The Supreme Court is hearing arguments on whether 'geofence warrants'—which demand location data for everyone in an area during a time period—violate Fourth Amendment protections. The case will determine whether law enforcement can continue mass digital surveillance through tech companies.
Geofence warrants turn everyone's phone into a potential witness—or suspect. The Court's decision will define whether your location history is private or perpetually available to prosecutors.
Here's how geofence warrants work: law enforcement tells Google or another tech company to provide location data for all devices in a specific area during a specific time. Not just a suspect's phone—everyone's phone. The company returns anonymized data, police narrow down suspects, then request identifying information for those devices.
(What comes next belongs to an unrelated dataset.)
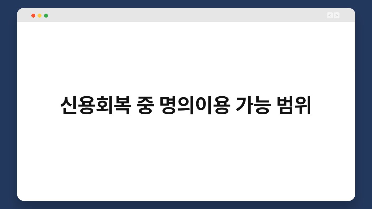 신용회복 중 명의 이용 가능 범위에 대해 궁금하신가요? 많은 분들이 신용회복의 과정에서 명의 이용이 어떤 방식으로 이루어지는지, 그리고 그 범위가 어디까지인지에 대해 고민합니다. 신용회복은 단순히 부채를 줄이는 것뿐만 아니라, 올바른 방법으로 진행해야 효과를 극대화할 수 있습니다. 이 글에서는 신용회복 중 명의 이용 가능 범위를 자세히 살펴보며, 여러분의 궁금증을 해결해드리겠습니다. 끝까지 읽으시면 유용한 정보가 가득하니 기대해 … 더 읽기

In practice, this means if you happened to walk past a crime scene with your phone in your pocket, your location data gets swept up in a criminal investigation. You're not a suspect based on evidence—you're a suspect based on proximity.
Law enforcement argues this is a valuable tool for solving crimes when there are no clear suspects. A bank gets robbed, police geofence the area, identify phones that were there at the time, and investigate from there. Without geofence warrants, some crimes would go unsolved.
Privacy advocates argue this inverts the Fourth Amendment's requirement for particularized suspicion. Traditional warrants require police to show probable cause that a specific person committed a crime before searching their records. Geofence warrants search first, identify suspects second.
I've covered surveillance technology since my journalism days, and geofence warrants represent something qualitatively new. It's not just that the scale is different—though it is, massively. It's that the logic is different. Instead of "we suspect this person, give us their records," it's "something happened here, give us everyone's records."
The Supreme Court case centers on whether this violates the Fourth Amendment's prohibition on unreasonable searches. The Court has previously ruled that police need a warrant to access historical cell phone location data for a specific person. But geofence warrants don't target a specific person—they target everyone in a location.
Google has disclosed that it receives thousands of geofence warrants annually. The company has pushed back on some, but generally complies. Other tech companies with location data—Apple, Microsoft, Uber—could face similar demands if the Court allows the practice.
What makes this particularly thorny is that the technology enables surveillance that was literally impossible when the Fourth Amendment was written. The Framers couldn't have imagined a world where everyone carries a device that logs their precise location every few seconds, and that data is stored indefinitely by corporations who can be compelled to hand it over.
The Court has tried to adapt Fourth Amendment doctrine to new technology through principles like "reasonable expectation of privacy." But what's reasonable in 2026? Most people know their phones track location. But do they expect that data could be bulk-requested by police to investigate crimes they had nothing to do with?
Defense attorneys have started challenging convictions based on geofence evidence, arguing it's a digital dragnet that catches innocent people along with suspects. In several cases, people were investigated solely because their phone was in the wrong place at the wrong time—sometimes because they lived near a crime scene or drove past it regularly.
The oral arguments revealed the Court's discomfort with the technology. Several justices asked pointed questions about whether geofence warrants are more like legitimate area searches (searching a building where a crime occurred) or unconstitutional general warrants (the colonial-era practice of searching everyone the crown deemed suspicious).
If the Court rules against geofence warrants, law enforcement loses a tool they've come to rely on. But they'd still have traditional investigative methods—witnesses, surveillance footage, targeted warrants for specific suspects. If the Court allows geofence warrants, privacy advocates warn it opens the door to even more expansive surveillance as technology improves.
The decision will likely try to split the difference—allowing some geofence use but with stricter requirements. Maybe police need to show more specific justification, or the geographic area has to be narrower, or the data has to be deleted after investigation. Those compromises might satisfy neither side.
What won't change is the fundamental tension: phones collect data that's incredibly useful for both legitimate services and surveillance. You can't have turn-by-turn navigation without location tracking. But you also can't have location tracking without creating a surveillance database that law enforcement wants access to.
My view is that the Fourth Amendment should require particularized suspicion before searching location data, which means geofence warrants in their current form should be unconstitutional. But I'm not confident the Court will go that far. The safer prediction is a narrow ruling that tweaks the rules without resolving the fundamental question of whether mass location surveillance is compatible with a free society.
The technology is impressive. The ability to track billions of devices in real-time has enabled services that genuinely improve people's lives. But it's also enabled surveillance that would have made the Stasi jealous. The Supreme Court's job is to figure out where the Fourth Amendment draws the line. Based on oral arguments, even the justices aren't sure where that line is.